> For clean Markdown of any page, append .md to the page URL.
> For a complete documentation index, see https://docs.nvidia.com/infra-controller/llms.txt.
> For full documentation content, see https://docs.nvidia.com/infra-controller/llms-full.txt.
> For AI client integration (Claude Code, Cursor, etc.), connect to the MCP server at https://docs.nvidia.com/infra-controller/_mcp/server.

# Repair Tenant Workflow

This runbook is for platform admins, repair tenant admins, and repair automation owners who pick up a machine after a tenant has released it for full repair.
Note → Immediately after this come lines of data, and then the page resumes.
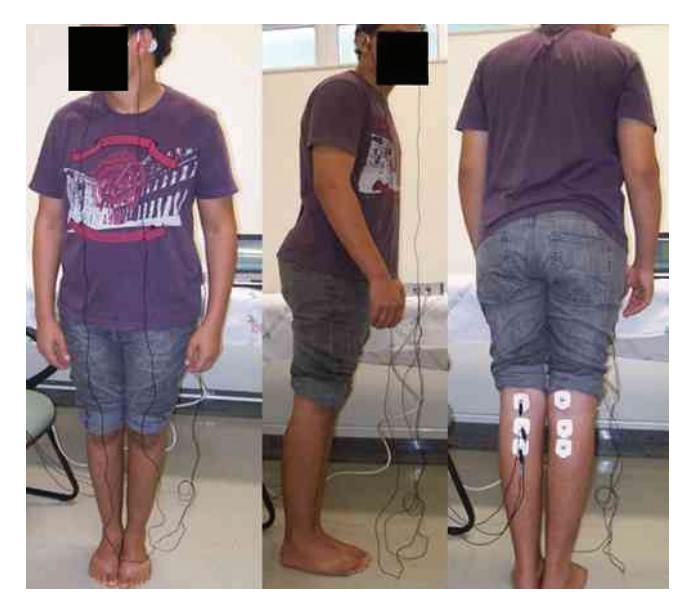
Figure 1 Electrode positioning and subject's posture during examination.

The analysis of the EMG responses was based on the lower limb contralateral to head rotation. The tracings obtained from the two configurations of electrode placement were superimposed after digital filtering and subtraction of the pre-stimulus EMG rectified mean. The responses that reversed polarity after stimulation for both polarity conditions (LCRA and RCLA) were considered to be of vestibular origin.<sup>2-4</sup> The two components (SL and ML) of the vestibular evoked reflex were defined. A response starting between 40 and 70 ms, which was reversed by inverting the polarity of the stimulus, was considered as the SL component; the ML component had opposite polarity to the SL component, beginning at approximately 100 ms after the stimulus (Fig. 2).
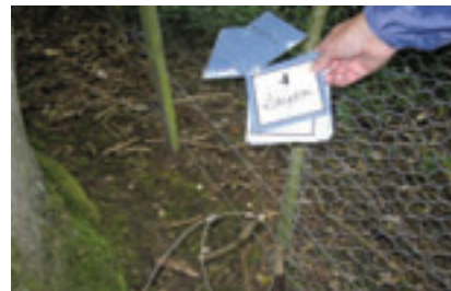
Above: Snares attached to a metal pole that easily comes loose at Mells Park near Frome. Left: Snare set next to a fence at a commercial pheasant shoot at Baydon in Berkshire.
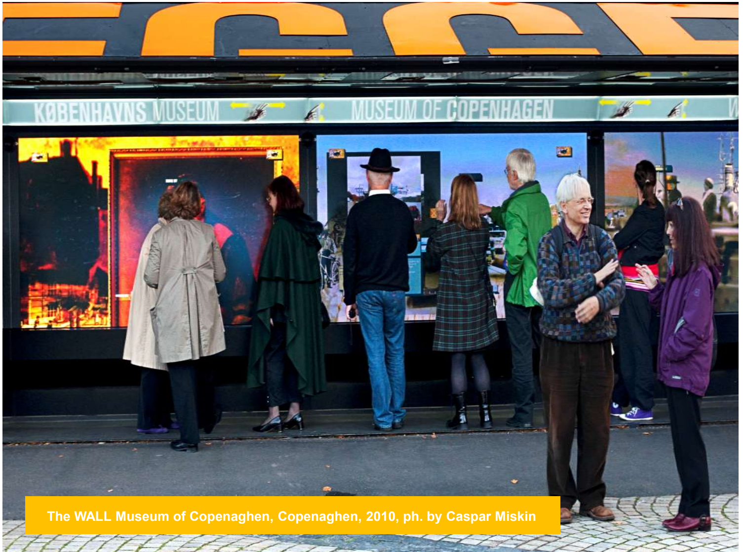
The WALL Museum of Copenhagen, Copenhagen, 2010
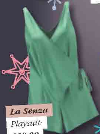
La Senza Playsuit: £30.00 (Designed by Paloma Faith)
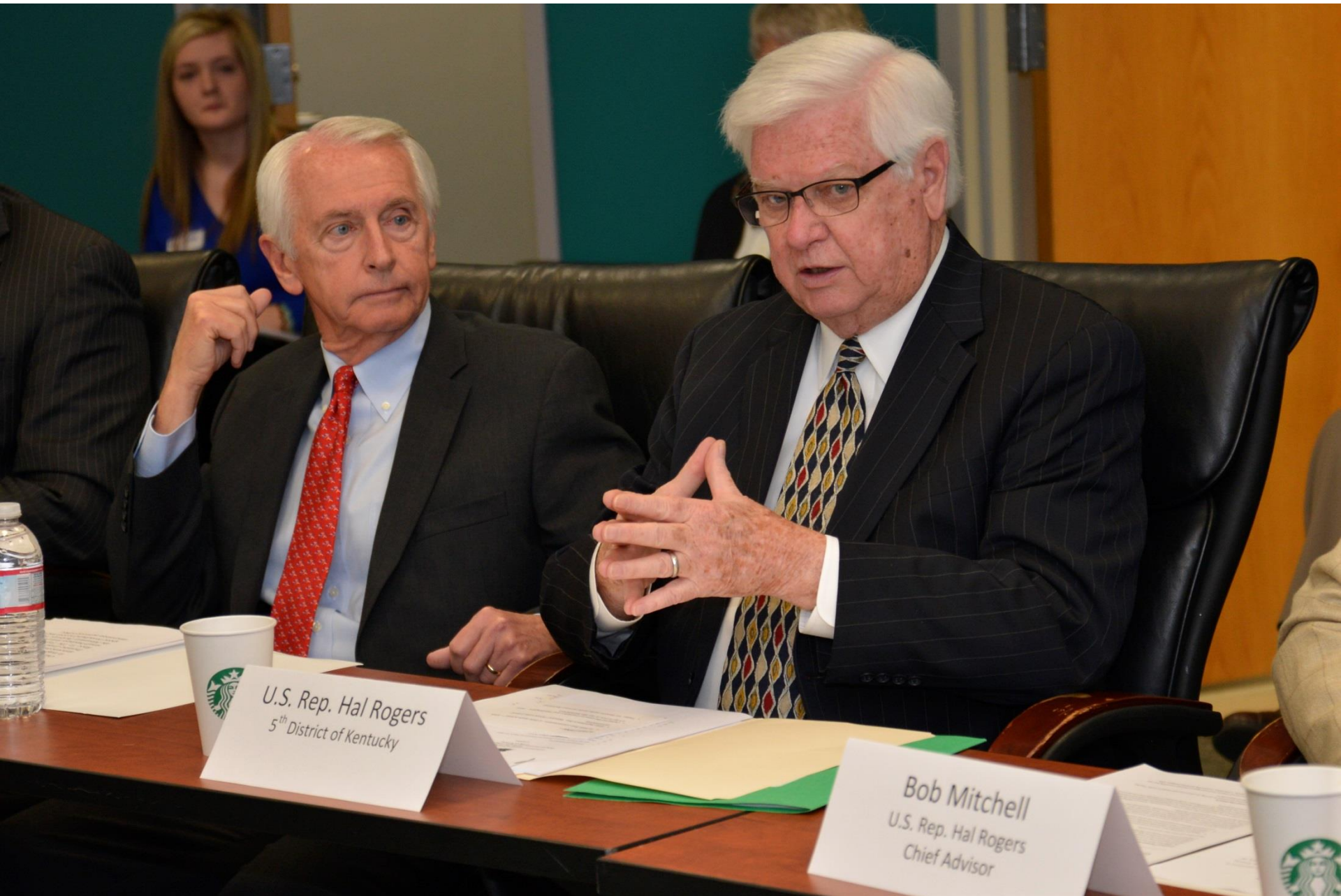
U.S. Rep. Hal Rogers 5 th District of Kentucky

The repair tenant claims the exact machine with targeted instance creation, performs diagnostics and repair, records the repair outcome on the machine, and releases the repair instance so NICo can decide whether the machine returns to the ready pool or stays quarantined for failed repair handling.

For the original tenant release path, see [Release Instance for Full Repair](/infra-controller/documentation/operations/repair-workflows/release-instance-for-full-repair). For the lower-level health override behavior, see [Repair System Integration](/infra-controller/documentation/operations/repair-workflows/repair-system-integration).

## Audience and Access

The caller needs tenant admin access for the dedicated repair tenant and the repair tenant must have targeted instance creation enabled. The repair tenant also needs access to the site, VPC, operating system, and network resources used for repair instances.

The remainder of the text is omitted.